I am 5'8" and I range from 130 - 135. I've been sitting here at 131 for the last several months, so anyway, here is a very average day while at home:
nonfat latte it's about 12 oz, I make on for dh and myself every single morning!
I eat breakfast midmorning. Sometimes an egg on dry toast, sometimes a bowl of "healthy" cereal, this morning I had my new favourite, bowl of hearty (NOT instant) oatmeal (1/2 cup oatmeal 1 cup water) with a bit of skim milk and honey on it. Then I put a banana on top and just eat peices of banana with each bite....it;s fabulous!!!
Lunch could be a can of healthy request soup, or a sandwich with tuna and lowfat mayo, I think today I'm having my other fav. I take a can of reduced sodium V8 juice, put it in a pan and dump in a bunch of frozen veggies (mostly brocolli....I LOVE brocolli!). Leftover rice is good in this soup too. I add a bunch of hot sauce for my taste too.
Mid afternoon snack might be a handful of pretzels, or fruit, or maybe a hard boiled egg, sometimes another nonfat latte if that sounds especially good.
dinner is usually something like this:
if I make a casserole, I make a steamed veggie with it.
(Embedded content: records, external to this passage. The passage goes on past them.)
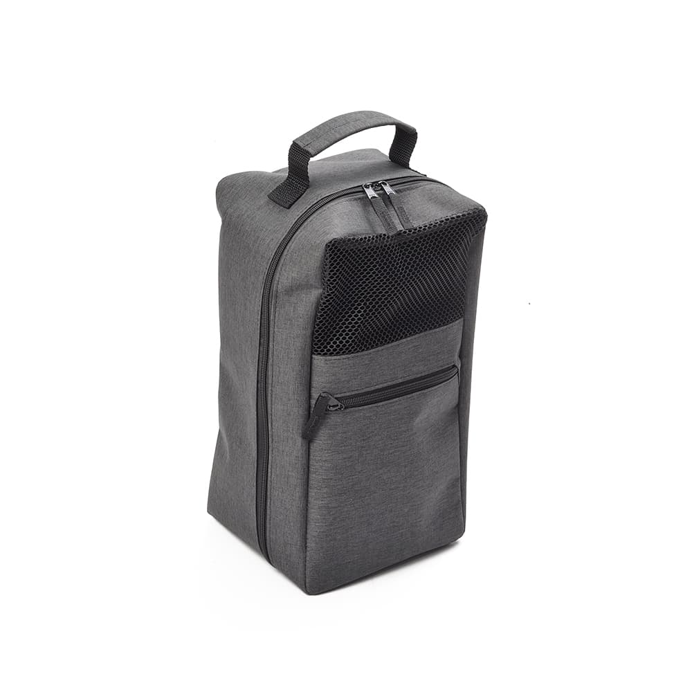Porta tênis em poliéster. Possui bolso frontal com zíper, detalhe telado na parte frontal e alça de mão em nylon.
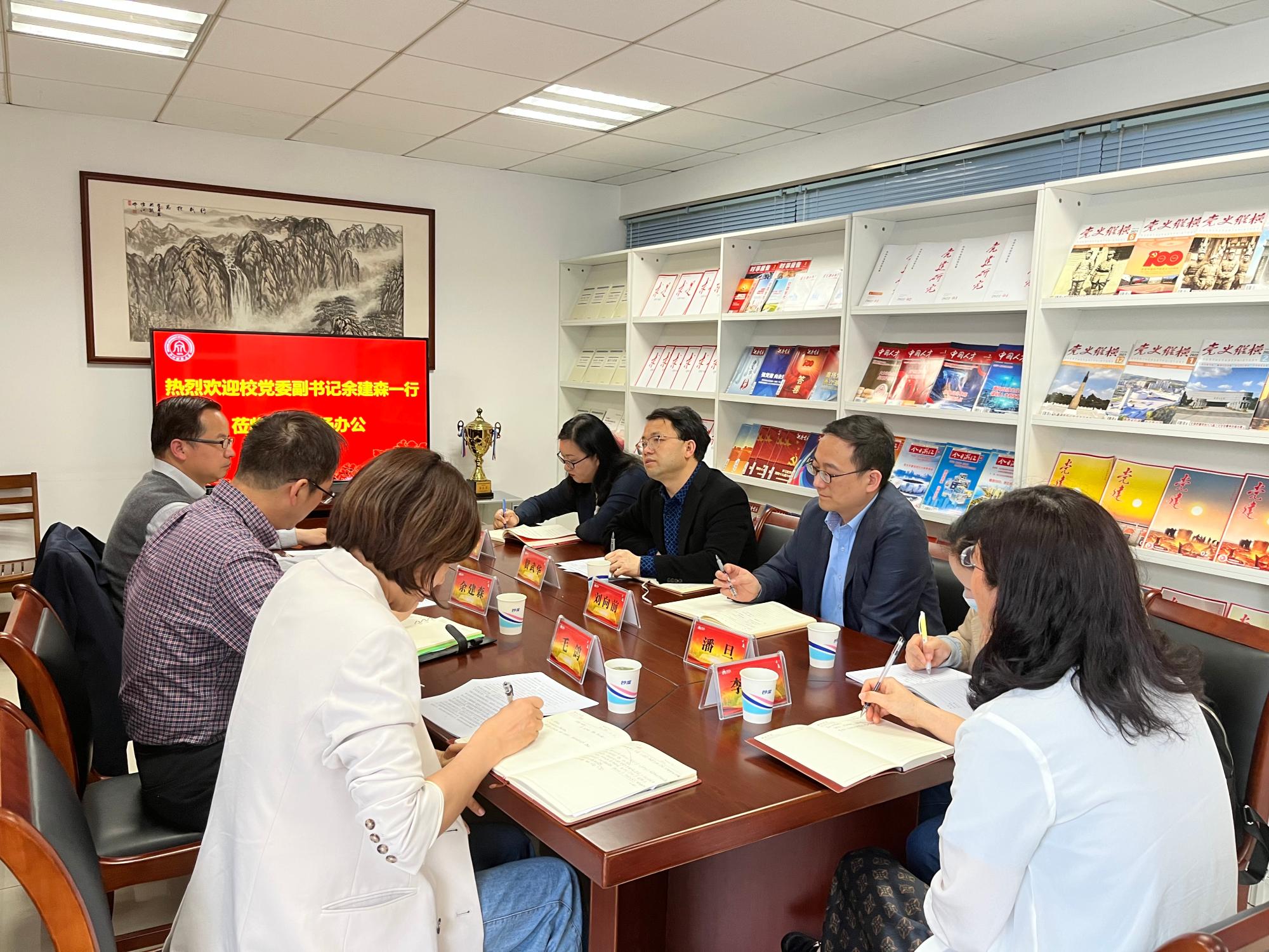 4月21日下午,校党委副书记余建森,党委委员、宣传部部长楼胆群,宣传部副部长毛鸽一行到直播足球比分
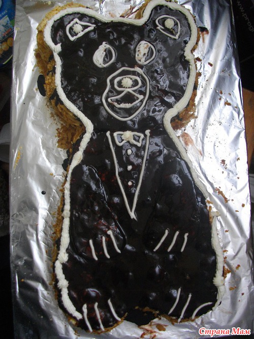 Девочки! Захотелось мне испечь торт на годик крестнику. Самым удачным у меня выходит медовик. Украшать я не большой мастер. И вот нашелся у меня рисунок медведя. Вот что у меня получилось:
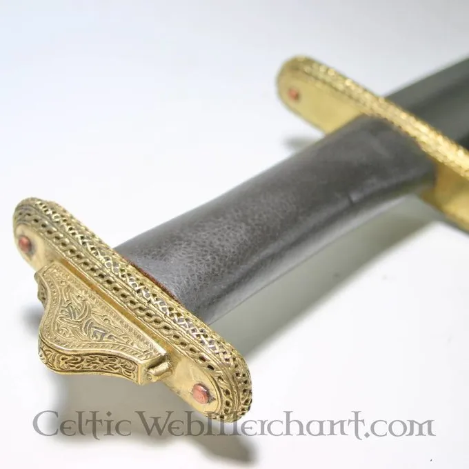 Die beiden Parierstangen und die Knauf sind aus gehärtetem Messing. Die Klinge hat eine doppelte Schneid Schnitte und ist aus Kohlenstoffstahl.
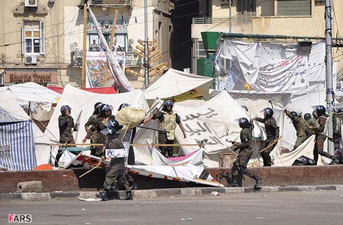 صدها نفر از نيروهاي ارتش و پليس مصر با حمله به تحصن كنندگان در ميدان التحرير چادرها و لوازم اين افراد را تخريب كردند و تعداد زيادي از فعالان سياسي حاضر در اين ميدان را دستگير كردند.

I then put a little casserole on my plate and loads and loads of veggies. Each bite I take has most veggies and just a bit of casserole for the flavour. If it's bbq, i just eat a little meat and a good helping of veggies and beans. If I make spegetti, I almost always do canned green beans with it. I put mostly beans on my plate and a a little pasta, then I put a bit of sauce over the whole thing.....mmmmmm
I can really go without snacking at nite, but once my dh starts, I'm dead meat. So I got myself and air popper and make air popped popcorn for myself that I put spray butter and salt on.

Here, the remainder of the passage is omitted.